Folha de S. Paulo


Existe, logo existe

RIO DE JANEIRO - Nos anos 70, o Rio vivia pichado com as inscrições "Celacanto provoca maremoto" e "Lerfá mu". As pessoas liam aquilo, não entendiam e não adiantava perguntar, porque ninguém sabia responder. Até que desapareceram. Falou-se depois que os autores eram dois estudantes da PUC. Mas o significado continuou um segredo.

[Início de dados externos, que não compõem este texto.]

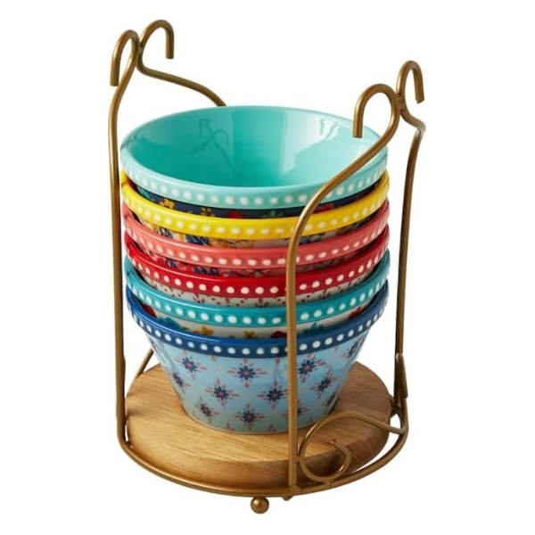 Giá đỡ giúp bạn dễ dàng cất giữ hoặc mang những chiếc bát nhỏ này đi khắp bếp. Được làm từ gốm sứ bền chắc, những chiếc bát nhỏ này có màu sắc tươi sáng và nhiều kiểu dáng đẹp mắt. Vừa đa năng vừa duyên dáng, bộ bát sứ nhỏ Fancy Flourish kèm giá đỡ chắc chắn sẽ là một bổ sung tuyệt vời cho bộ sưu tập dụng cụ làm bánh của bạn.
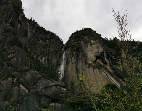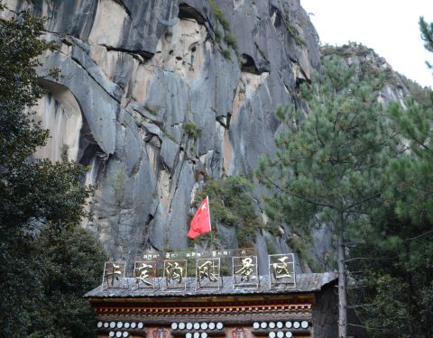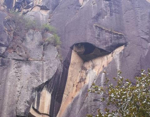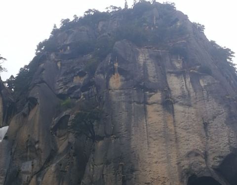 卡定沟天佛瀑布 这应该算是此行里最超值的景点了 印象中票价是20 垂直落差200米的瀑布后面 有一尊天然形成的大佛 水量小的时候侧脸明显 还有神女在侧 不禁要感叹大自然的神奇 走到瀑布正下方的时候 水量特别大 感觉像在下雨一样 我们去的时候还不是雨季 已经瞬间给我浇湿了 大家如果有外套和雨衣的话最好在走到瀑布底下的时候就穿好哈 雨季尤其要注意 不然真的会被浇透吹透

Este ano, outra inscrição cobriu paredes em toda a cidade: "Carne de rã" –e seguia-se um número de telefone. Mas, se você gostasse de rã e quisesse fazer uma encomenda, frustrava-se porque o telefone nunca atendia. Imagino que, naquele momento, alguém devia estar rindo sozinho dos que já se viam saboreando um prato de rãs à provençal. Pichações são assim: um prazer solitário do pichador.

Também este ano, surgiram por toda parte no Rio cartazes de uma cantora chamada Hanna, promovendo seu disco "O Amor é Bossa Nova - Homenagem a João Gilberto" e anunciando: "CD [em] breve". Ótimo. Só que ninguém se lembra de já ter escutado Hanna cantando, seja ao vivo, em discos, no rádio ou por telepatia. É um sucesso, mas não se sabe onde dá shows, se segue o estilo Nara ou Elis, ou mesmo se existe.

O mistério foi quebrado há pouco pelo repórter Emiliano Urbim, da Revista "O Globo". Ele localizou Hanna no Rio, entrevistou-a e ela até se deixou fotografar. É uma morena vistosa, na faixa dos 50 anos, e ela própria banca a impressão e a aplicação dos cartazes. Diz-se ex-namorada de Paulo Coelho e, há tempos, teria se correspondido com João Gilberto pelo Facebook –embora nunca se provasse que, com ela ou com qualquer um, fosse o verdadeiro João Gilberto no outro lado da linha.

Pois, para nosso alívio, Hanna existe. Não é uma miragem, nem apenas um cartaz. Mas continua a ser uma espécie de "Lerfá mu" ou "Celacanto provoca maremoto", só que humano. Talvez seja a vendedora das rãs.